Rund um den Johannistag, wenn das Licht seinen höchsten Punkt erreicht hat, beginnt in der Natur eine magische Reifezeit. Wenn die Tage am längsten sind, die Nächte kaum dunkel werden und der Duft von blühendem Holunder und reifem Gras durch die Luft zieht, stehen wir mitten in der goldenen Hochphase des Sommers. Am 24. Juni feiern wir Johanni. Es ist das Fest der Sommersonnenwende, ein Fixpunkt im Jahreslauf, an dem die Natur ihre höchste Entfaltung und größte Lichtkraft erreicht hat. Doch so strahlend dieser Höhepunkt auch ist, er trägt bereits einen Wendepunkt in sich: Ab jetzt werden die Tage ganz langsam wieder kürzer. Johanni lädt uns und unsere Kinder dazu ein, dieses Licht voller Dankbarkeit einzuatmen, die Natur mit allen Sinnen zu begreifen und Altes in Liebe gehen zu lassen. 

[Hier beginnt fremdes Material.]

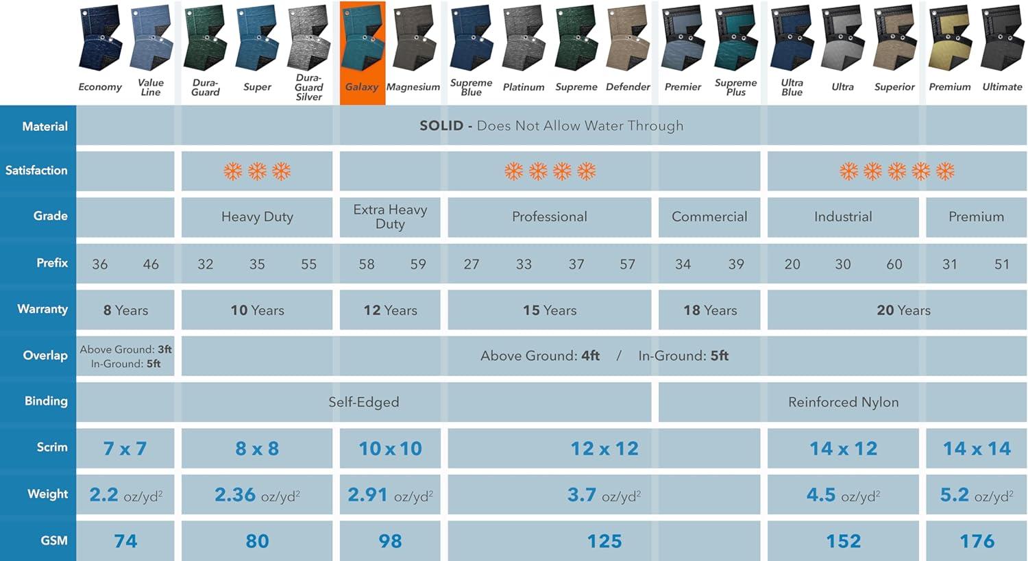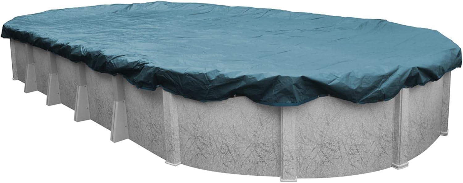 The Robelle Super Winter Pool Cover is a heavy-duty solid winter pool cover. Solid pool covers do not allow water to pass through their material. The Robelle Super Winter Pool Cover features a heavy-duty 8 x 8 scrim. The heavy-duty polyethylene material used for this cover weighs 2.36 oz./yd2. Both the scrim count and material weight are the best indicators of the strength and durability for your pool cover. This is a heavy-duty pool cover designed to protect your pool from the winter elements. The Robelle Super Winter Pool Cover features an imperial blue topside and a black underside. Please order by your pool size, as the overlap goes beyond the pool size listed. This cover includes a four-foot overlap. If you have a very large top rail, please consider a larger pool size. This cover should be able to comfortably float on the pool water without excessive stress. This cover is not meant to be used as a debris cover during the swimming season. This winter pool cover is intended to be used during the off-season. This cover is meant for traditional above ground pools with a traditional top rail. Includes a winch and cable that should be used to secure your pool cover through the grommets around the perimeter of the pool cover. For extra securing, cover clips and cover wrap (both sold separately) are suggested for pool closing. No other method of installation is recommended..
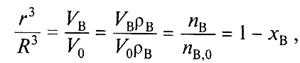 Отношение г3/R3 можно заменить на отношение объема к объему всей твердой частицы (VB/V0) и, умножив числитель и знаменатель на rВ, получим:
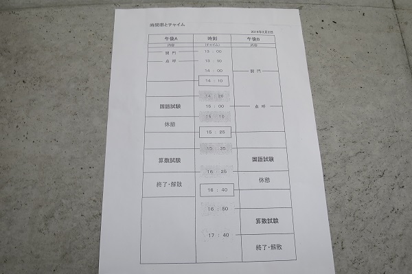 「お子様が十分に力を発揮されることを願って、挨拶に変えさせていただきます」と鈴木先生のことばが締められた後には、担当の先生より試験問題の回収についてや試験終了後の解散のことなどの諸注意がありました。

Johannifeuer: Ein leuchtendes Symbol der Sommersonnenwende 

Das Johannifeuer ist ein altes Ritual, das die Wärme und das Licht des Sommers auf ganz besondere Weise in sich trägt. Es ist, als ob das Holz das Sonnenlicht über das Jahr hinweg für uns gespeichert hat, um es nun in tanzenden Flammen wieder freizusetzen und uns pure Wärme und Magie zu schenken. Das Fest am Feuer lässt sich wunderbar als Gemeinschaftserlebnis für die ganze Familie gestalten. 

Schon Tage vorher beginnt die gemeinsame Vorfreude

Gemeinsames Holzsammeln: Bereits beim Suchen und Zusammentragen der Äste im Wald verbinden sich die Kinder ganz bewusst mit dem Element Feuer und stimmen sich auf die Feier ein. 

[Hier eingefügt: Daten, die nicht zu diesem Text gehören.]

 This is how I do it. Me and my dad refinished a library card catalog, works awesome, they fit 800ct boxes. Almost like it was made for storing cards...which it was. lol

Gemeinschaft erleben: Am Abend freuen wir uns dann auf das gemeinsame Tanzen, Musizieren und das Erzählen von Geschichten im Schein der Glut. 

Ein Erlebnis für Groß und Klein: Mutproben und Kinderfeuer 

Wenn das Feuer zu späterer Stunde heruntergebrannt ist, wartet auf die größeren Kinder ein besonderes Highlight: Der traditionelle Sprung über die glimmende Glut kann eine echte, stärkende Mutprobe sein. 

Damit auch die Jüngsten diesen Zauber ganz unbeschwert miterleben können, empfiehlt es sich, parallel ein kleines, sicheres Kinderfeuer (zum Beispiel in einer kleinen Feuerschale) zu entzünden. So wird ihnen die Magie dieser Nacht behutsam und altersgerecht nähergebracht. 

Das Mysterium der Johannisnacht 

Überhaupt ist die Johannisnacht eine Zeit voller Zauber und alter Geheimnisse. Legenden besagen, dass dies eine Nacht ist, in der die Grenzen zur Anderswelt durchlässig werden, sich die Berge öffnen und mutigen Wanderern ihre verborgenen Schätze enthüllen. 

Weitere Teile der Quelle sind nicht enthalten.